Identification of bacterial virulence factors can help to understand the mechanism of pathogenesis and search for potential therapeutic targets [23,24]. We used VICMpred [25] and VirulentPred [26] for identification of HPs which may be responsible for virulence in the T. pallidum ssp. pallidum. Virulent HPs from T. pallidum ssp. pallidum are listed in the S5 Table.

Prediction of protein interaction network

Functional association among proteins is necessary to complete any biological process, therefore, the knowledge of protein-protein interaction is also helpful for prediction of function of a protein.
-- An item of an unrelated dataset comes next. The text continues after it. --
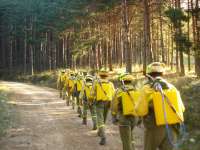 Los bomberos luchan contra un incendio forestal en Santa Eulalia de Oscos. Asturias

Here we have used STRING (version-9.1) [27] to predict the proteins which show interaction with HPs and hence its involvement in a particular metabolic process.

Performance assessment

The predicted functions of HPs from the genome of T. pallidum ssp. pallidum are validated using the receiver operating characteristic (ROC) analysis. This statistical analysis is performed using 100 sequences of proteins with known function (S6 Table). Functions of these proteins are predicted using the adopted pipeline for the annotation of the HPs. The diagnostics efficacy is evaluated at six levels. The true positive or true negative prediction is classified as ‘‘0” or ‘‘1” binary numerals. In addition, 1, 2, 3, 4 and 5 is the adopted confidence ratings. The average accuracy of the used pipeline is found to be 93.91% (S8 Table). ROC analysis indicates high reliability of bioinformatics tools used here (S7 and S8 Tables).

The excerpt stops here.